Task description – Reproduce exactly the first line of the material below and every line after it, ending with the line that contains "然而主要城市建筑钢材库存量为". No pictures should be copied.

Supplied records –

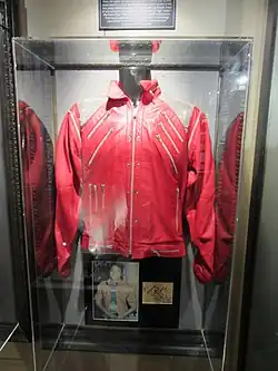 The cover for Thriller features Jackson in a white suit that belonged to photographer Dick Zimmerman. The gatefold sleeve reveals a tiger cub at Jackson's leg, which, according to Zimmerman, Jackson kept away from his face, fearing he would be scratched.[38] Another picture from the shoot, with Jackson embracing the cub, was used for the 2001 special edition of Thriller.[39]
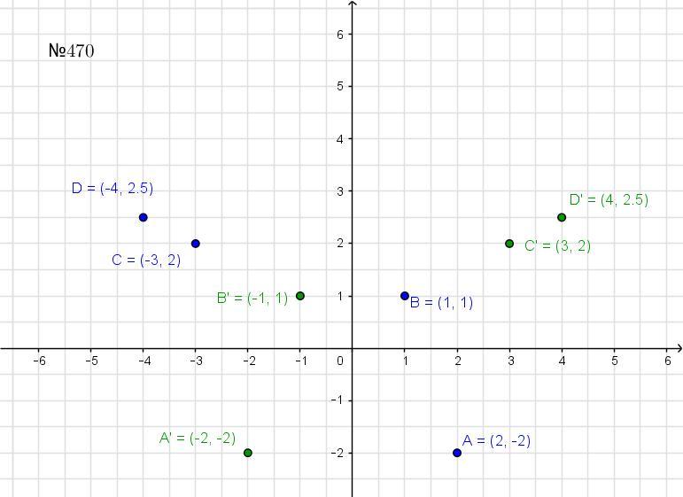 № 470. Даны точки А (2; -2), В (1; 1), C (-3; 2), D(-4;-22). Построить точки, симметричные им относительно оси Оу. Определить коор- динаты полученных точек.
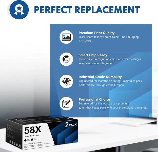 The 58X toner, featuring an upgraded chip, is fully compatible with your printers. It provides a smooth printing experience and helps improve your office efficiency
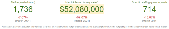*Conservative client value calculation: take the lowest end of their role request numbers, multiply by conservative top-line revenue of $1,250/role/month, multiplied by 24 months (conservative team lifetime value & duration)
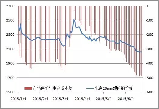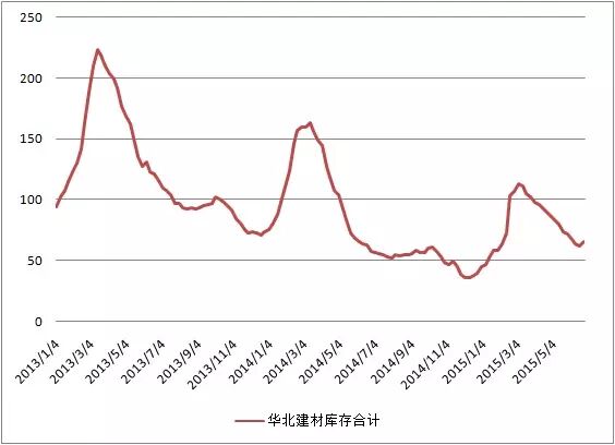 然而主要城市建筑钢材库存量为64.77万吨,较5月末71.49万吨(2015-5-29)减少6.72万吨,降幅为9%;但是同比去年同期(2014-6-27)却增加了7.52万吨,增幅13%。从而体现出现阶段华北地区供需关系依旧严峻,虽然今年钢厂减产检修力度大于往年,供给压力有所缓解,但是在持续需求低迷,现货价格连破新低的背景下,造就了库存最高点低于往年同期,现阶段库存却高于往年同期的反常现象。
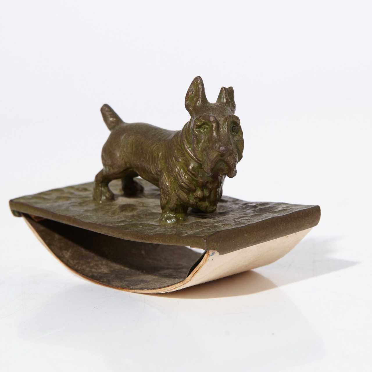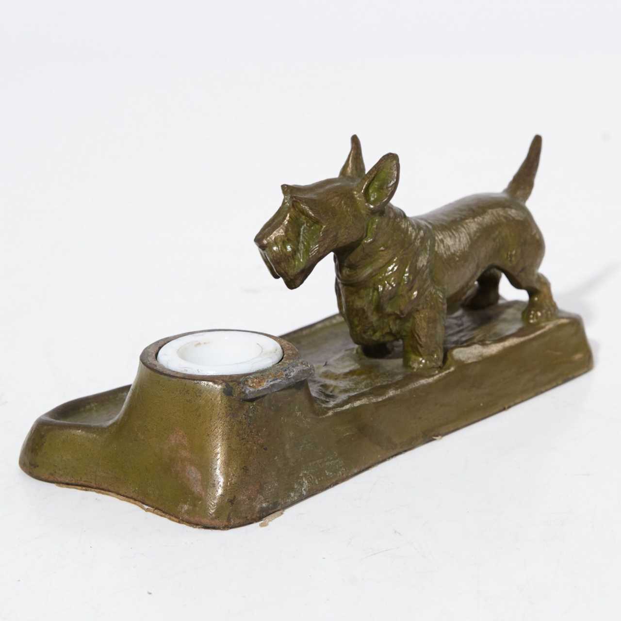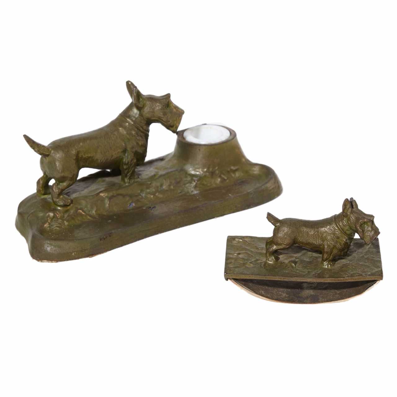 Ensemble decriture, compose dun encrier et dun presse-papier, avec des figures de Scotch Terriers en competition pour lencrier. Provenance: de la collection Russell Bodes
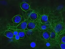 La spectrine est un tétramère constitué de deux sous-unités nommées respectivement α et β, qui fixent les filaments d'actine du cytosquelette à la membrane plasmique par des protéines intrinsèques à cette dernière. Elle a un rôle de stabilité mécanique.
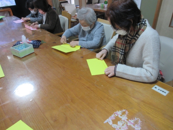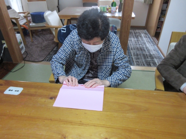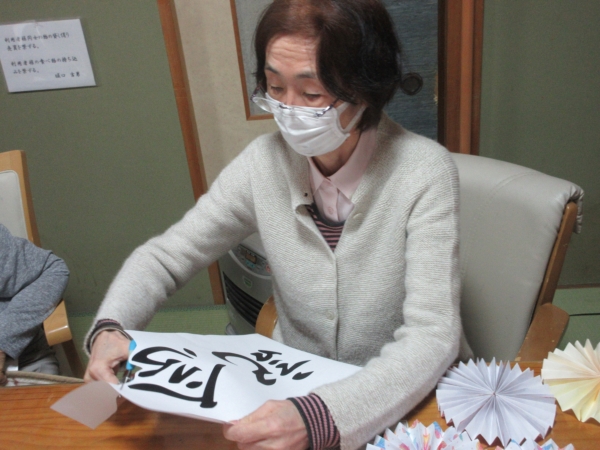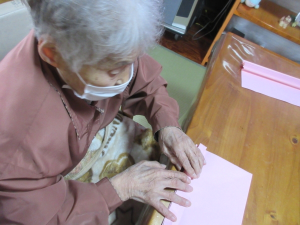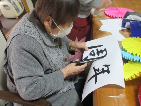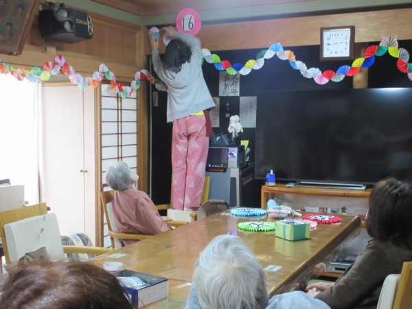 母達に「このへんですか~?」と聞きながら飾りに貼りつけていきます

Output of the exercise –
 The cover for Thriller features Jackson in a white suit that belonged to photographer Dick Zimmerman. The gatefold sleeve reveals a tiger cub at Jackson's leg, which, according to Zimmerman, Jackson kept away from his face, fearing he would be scratched.[38] Another picture from the shoot, with Jackson embracing the cub, was used for the 2001 special edition of Thriller.[39]
 № 470. Даны точки А (2; -2), В (1; 1), C (-3; 2), D(-4;-22). Построить точки, симметричные им относительно оси Оу. Определить коор- динаты полученных точек.
 The 58X toner, featuring an upgraded chip, is fully compatible with your printers. It provides a smooth printing experience and helps improve your office efficiency
*Conservative client value calculation: take the lowest end of their role request numbers, multiply by conservative top-line revenue of $1,250/role/month, multiplied by 24 months (conservative team lifetime value & duration)
 然而主要城市建筑钢材库存量为64.77万吨,较5月末71.49万吨(2015-5-29)减少6.72万吨,降幅为9%;但是同比去年同期(2014-6-27)却增加了7.52万吨,增幅13%。从而体现出现阶段华北地区供需关系依旧严峻,虽然今年钢厂减产检修力度大于往年,供给压力有所缓解,但是在持续需求低迷,现货价格连破新低的背景下,造就了库存最高点低于往年同期,现阶段库存却高于往年同期的反常现象。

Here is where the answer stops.